Gdzieś pomiędzy Warszawą i Krakowem budzę sie nagle, szarpnięta niespodziewanym wstrząsem. Śniło mi się, że spadam lub może samochód zahamował nieco za ostro, nie wiem, nie ma to większego znaczenia. Leżę na plecach na tylnym siedzeniu, rzucam wyzwanie przepisom drogowym i zasadom BHP – jeśli mam umrzeć, to chcę, żeby stało sie to nagle i we śnie.
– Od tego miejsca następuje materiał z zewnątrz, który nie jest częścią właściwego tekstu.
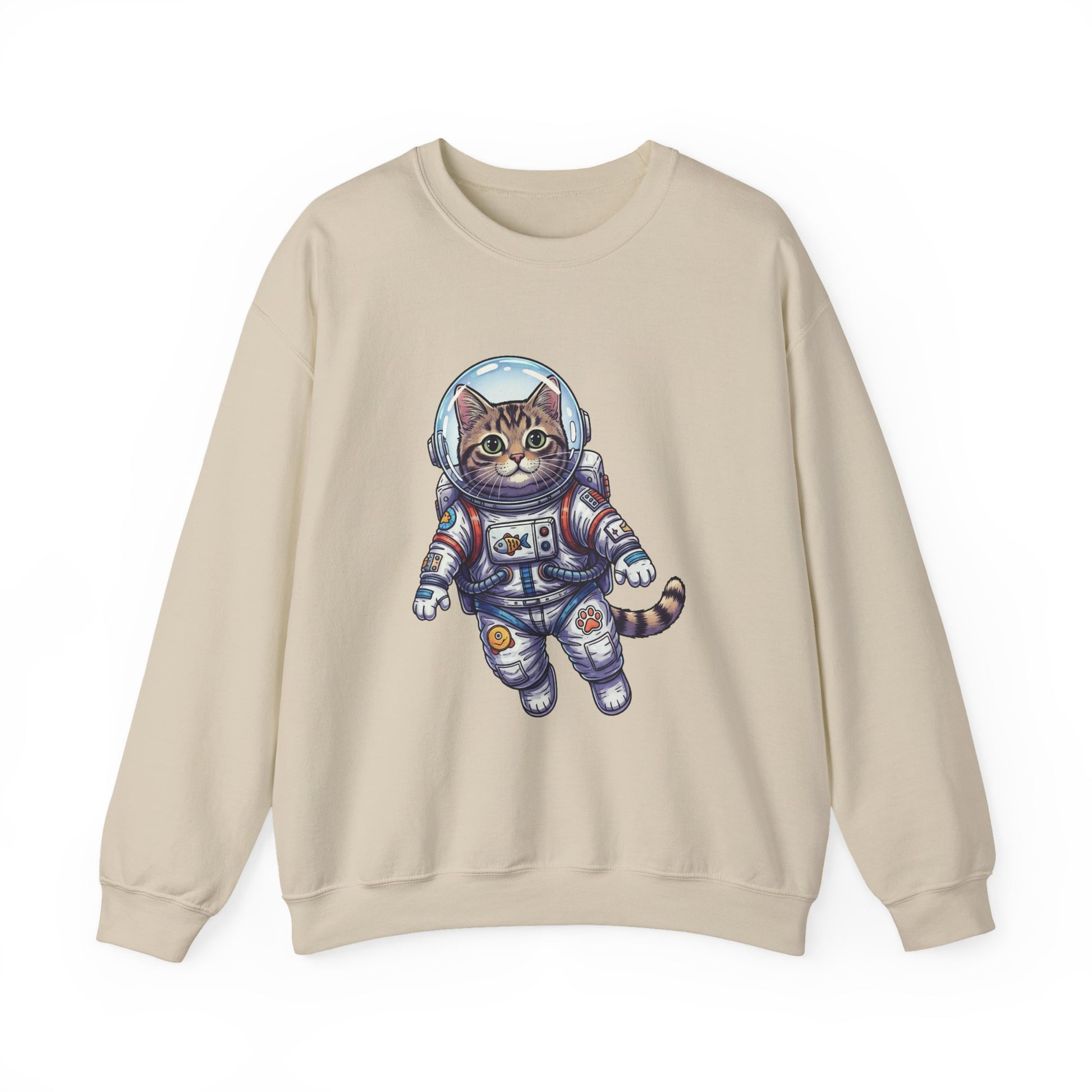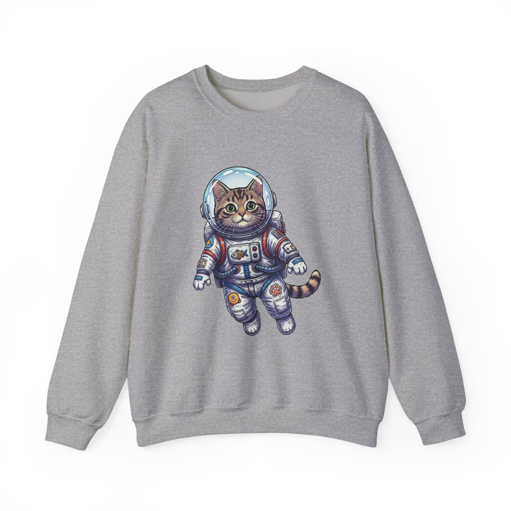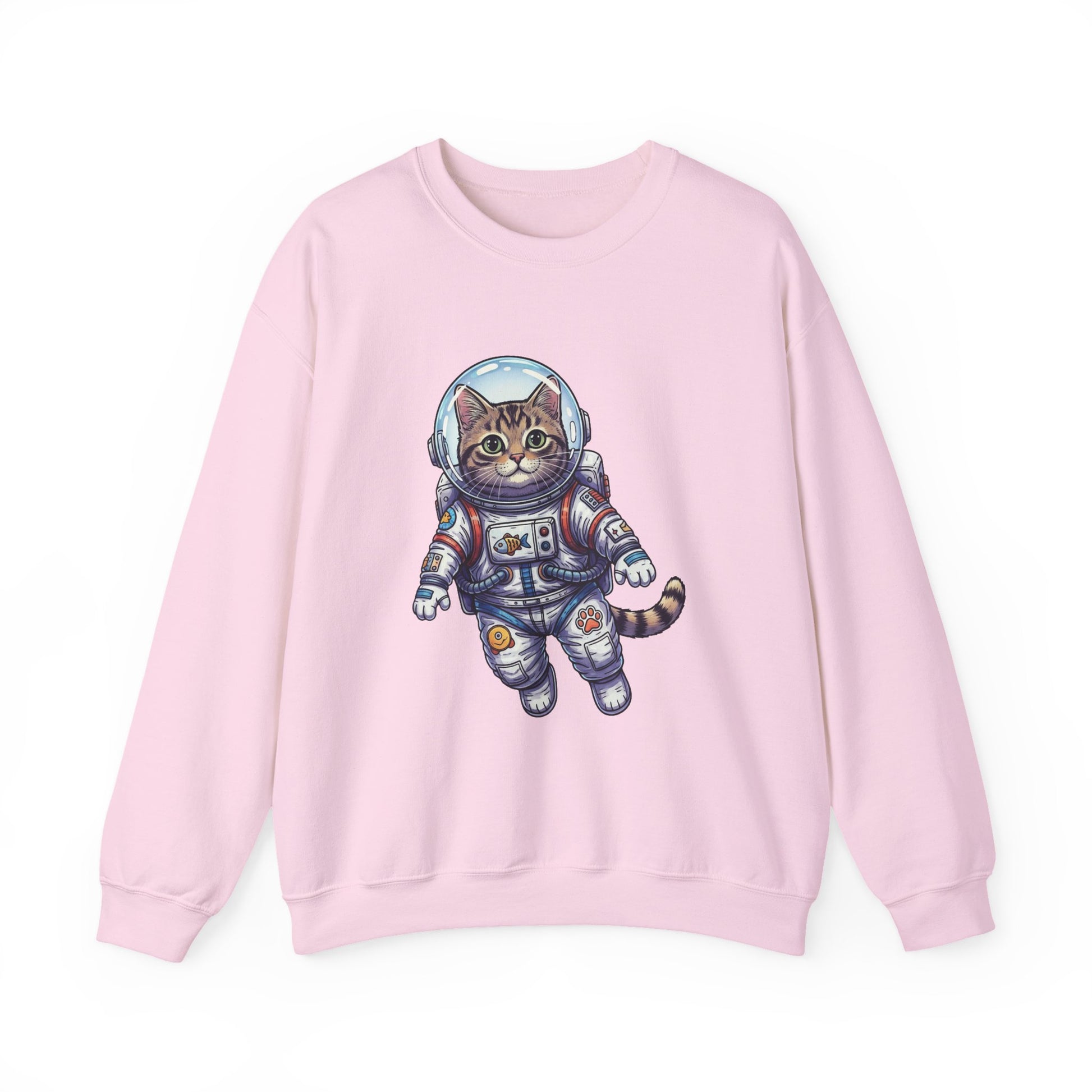 Float into cozy afternoons with this soft crewneck featuring an embroidered-style astronaut cat drifting across the chest. The medium-weight cotton-poly blend holds its shape and warmth without feeling bulky. Wear it for slow mornings with a mug, late-night stargazing, or casual meetups where you want a low-key, whimsical statement—the playful space kitty adds a gentle, curious energy without shouting for attention. The clean crew neckline and classic fit make it easy to layer under a jacket or pair with relaxed jeans. Little details—like tear-away label comfort and reinforced stitching—mean this sweatshirt becomes one you reach for again and again.
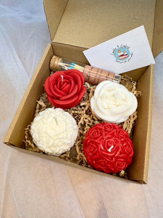 Ruby Bloom Trio | Hand-Poured Floral Heart Candle Set

Odchylam lekko głowę – wyobraź sobie pozycję, w której się znajduję – w oknie nade mną widzę miriady gwiazd, niebo jest ciemne, bezchmurne, wciąż mam goraczkę, otulona wełnianym swetrem i otumaniona lekko pseudoefedryną czekam, aż nastanie dom.
I myślę. W drodze jest zawsze zbyt wiele czasu na myślenie. Zaczęłam czytać Kerouaca i teraz jest we mnie znowu ten głód: żeby rzucić wszystko i ruszyć przed siebie, a wspomnienie Łukasza zaciagajacego sie czekoladowym tytoniem na drewnianym tarasie w niedzielny ranek i opowiadającego o tym, że warto pokonać w sobie strach, nie wychodzi mi z glowy.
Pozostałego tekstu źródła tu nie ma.